### DATA TO USE

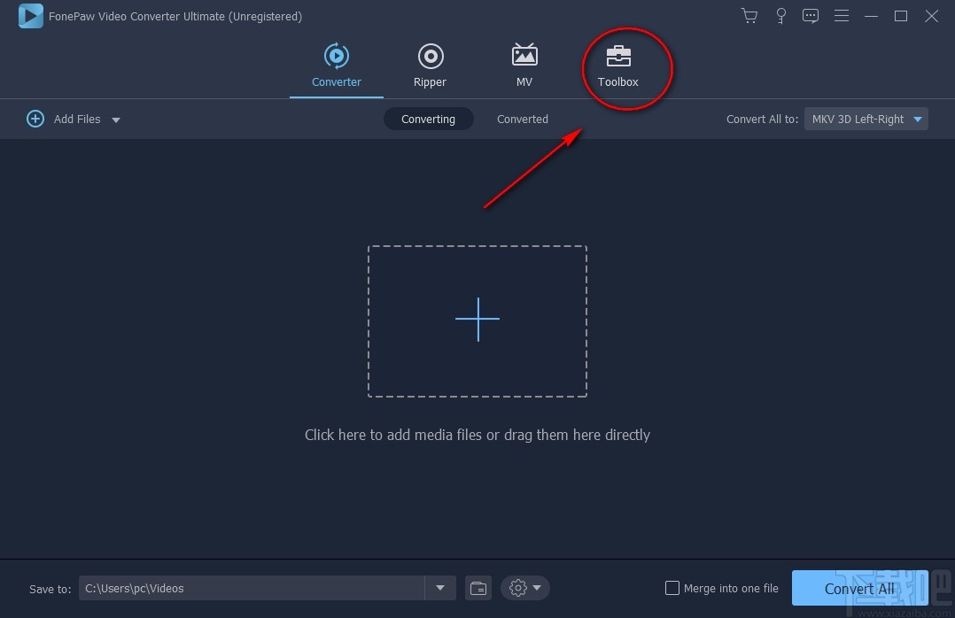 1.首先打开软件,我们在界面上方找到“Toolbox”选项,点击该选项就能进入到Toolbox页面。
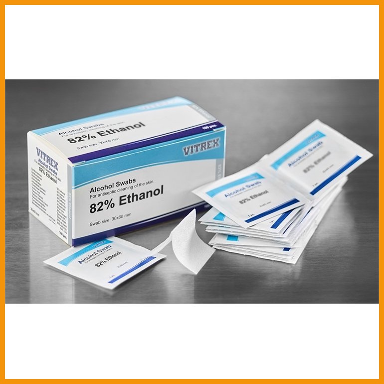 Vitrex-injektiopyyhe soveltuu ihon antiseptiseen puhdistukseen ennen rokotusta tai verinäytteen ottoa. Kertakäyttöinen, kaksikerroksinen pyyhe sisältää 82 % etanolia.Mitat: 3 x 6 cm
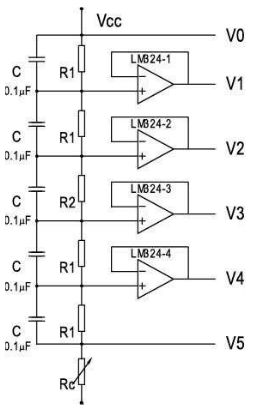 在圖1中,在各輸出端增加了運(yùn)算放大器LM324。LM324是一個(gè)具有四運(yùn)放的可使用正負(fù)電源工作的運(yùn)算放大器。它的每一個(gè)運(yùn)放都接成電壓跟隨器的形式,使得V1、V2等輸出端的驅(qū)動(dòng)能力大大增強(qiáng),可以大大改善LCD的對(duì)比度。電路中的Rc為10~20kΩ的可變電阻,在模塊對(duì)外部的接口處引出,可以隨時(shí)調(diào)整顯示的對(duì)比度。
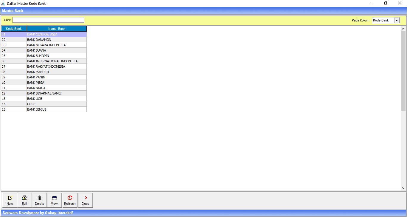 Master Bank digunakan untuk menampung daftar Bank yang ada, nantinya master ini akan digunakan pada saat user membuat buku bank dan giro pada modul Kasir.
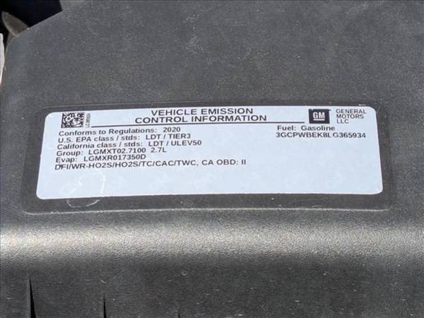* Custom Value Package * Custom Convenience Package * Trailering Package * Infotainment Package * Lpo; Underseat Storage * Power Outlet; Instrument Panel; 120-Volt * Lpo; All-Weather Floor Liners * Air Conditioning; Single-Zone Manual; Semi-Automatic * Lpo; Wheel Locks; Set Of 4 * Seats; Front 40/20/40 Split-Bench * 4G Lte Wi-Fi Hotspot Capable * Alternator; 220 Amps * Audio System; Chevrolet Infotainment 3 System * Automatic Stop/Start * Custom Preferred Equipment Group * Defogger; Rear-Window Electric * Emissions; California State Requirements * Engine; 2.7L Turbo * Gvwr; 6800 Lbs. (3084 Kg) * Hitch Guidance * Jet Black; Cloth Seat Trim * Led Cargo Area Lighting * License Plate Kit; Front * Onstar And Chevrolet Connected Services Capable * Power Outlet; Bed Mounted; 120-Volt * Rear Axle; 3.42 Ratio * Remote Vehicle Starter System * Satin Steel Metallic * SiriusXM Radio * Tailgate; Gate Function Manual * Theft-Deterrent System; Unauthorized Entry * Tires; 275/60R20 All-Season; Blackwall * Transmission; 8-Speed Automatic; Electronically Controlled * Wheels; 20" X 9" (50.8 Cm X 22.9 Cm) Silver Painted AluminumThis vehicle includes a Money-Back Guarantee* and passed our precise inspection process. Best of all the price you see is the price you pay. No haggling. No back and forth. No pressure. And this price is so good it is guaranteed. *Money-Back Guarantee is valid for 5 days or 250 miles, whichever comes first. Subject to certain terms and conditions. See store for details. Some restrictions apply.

######

*EXERCISE*: Leaving out the pictures, restate each line of the listing above verbatim, from the opening line to the line bearing "Vitrex-injektiopyyhe soveltuu ihon", inclusive, and no more.

*REPLY TO THE TASK*:
 1.首先打开软件,我们在界面上方找到“Toolbox”选项,点击该选项就能进入到Toolbox页面。
 Vitrex-injektiopyyhe soveltuu ihon antiseptiseen puhdistukseen ennen rokotusta tai verinäytteen ottoa. Kertakäyttöinen, kaksikerroksinen pyyhe sisältää 82 % etanolia.Mitat: 3 x 6 cm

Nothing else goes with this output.